И он не увидел впереди ни бескрайнего леса, ни воспоминаний — а увидел не воспринимаемую никакими чувствами бездну, которую он, казалось, хочет открыть, чтобы вздохнуть полной грудью вакуума. Чтобы выскочить вон из этого мира периметров и сладостно опорожниться, как в детстве под кустом, за его пределами.
Она, супераутсорсер Фатима Обилич, чувствовала, как он легко и податливо вместился в нее весь — и это был лучший небоскреб в ее жизни, и она сделала огромное усилие, чтобы сдержаться… ибо если бы она сама подалась и сдалась, то, наверно, не устояла бы на ногах и потеряла бы его гораздо раньше, чем обязана была потерять. И когда открылась бездна, в которую он вошел, и когда эта бездна вошла в нее саму и в мгновение ока, как вакуумная бомба, опустошила все ее сосуды и нервные стволы, она нашла в себе силы еще раз сдержаться и не умереть. Она оказалась куда сильнее, чем предполагала.

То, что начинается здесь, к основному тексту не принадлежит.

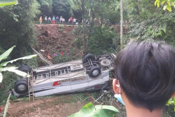 Bus wisata terguling di Sumedang, Jawa Barat. foto: kompas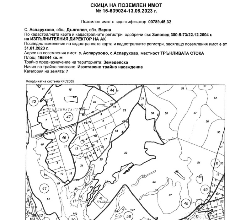 Продава се Поземлен имот с идентификатор 00789.45.32 и площ 165 844 кв. м ,находящ се в землището на с. Аспарухово, м. ТРЪНЛИВАТА СТОКА,Община Дългопол,Област Варна, вид територия Земеделска, категория 7, НТП Изоставено трайно насаждение.Парцела се намира в чашката на язовир Цонево. За имота няма сключен договор за аренда. Продаваме и други земеделски имоти в района. Продажба от собственик, купувачите на този имот нямат ангажимент за заплащане на комисиони.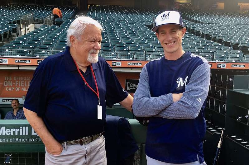 Gary Hughes (left) former MLB scout for the Boston Red Sox and the Arizona Diamondbacks worked in baseball for over 54 years is seen here with Milwaukee Brewers manager Craig Counsell (right). Hughes son is married to Counsell’s sister keeping baseball in the family. Hughes passed away Sat Sep 19, 2020 at age 79. This photo was taken on Aug 21, 2017 and in the bottom left hand corner seated in the Brewers dugout is former SF Examiner reporter Jorge Ortiz. (file photo taken by AP reporter Janie McCauley)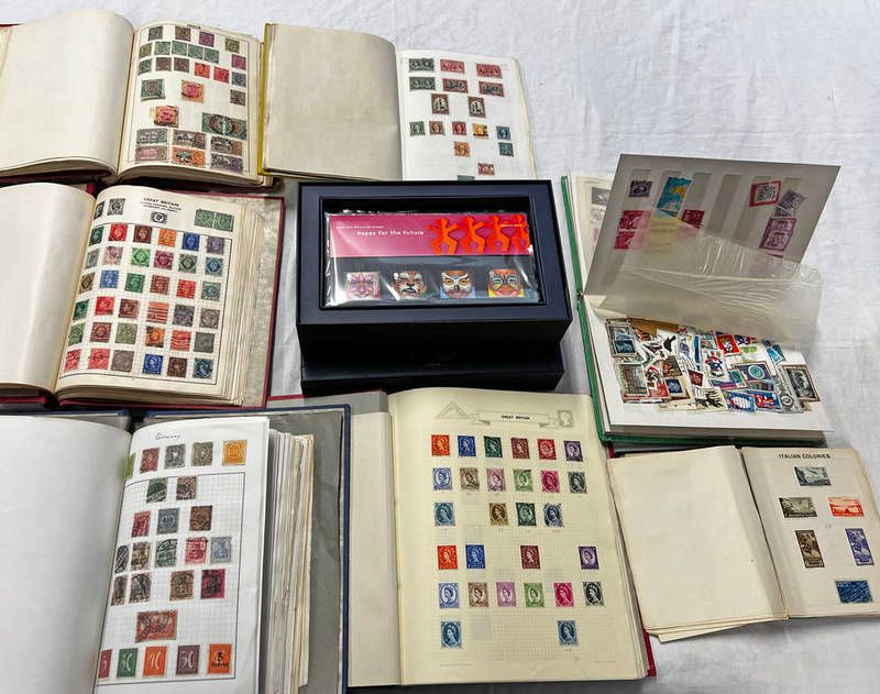 Seven folders of gb and world wide stamps and royal mail millennium collection first day covers in one box

Бездна, в которой невозможно было устроить никакую инфраструктуру, куда невозможно и незачем было прокладывать любые коммуникации, бездна, которая не требовала ни службы reception, ни call-center, вообще никаких «интегрированных сервисов», вся вместилась в ней и оцепенела, как бы ожидая ее воли. Это было ни с чем не сравнимое чувство! Даже контроль над всей энергетической сферой цивилизации Равновесия, над всеми коммуникациями и фасилитис земного шара не мог сравниться с новой возможностью, с новой силой, с этим потенциалом воли, которым она еще не знала, как воспользоваться…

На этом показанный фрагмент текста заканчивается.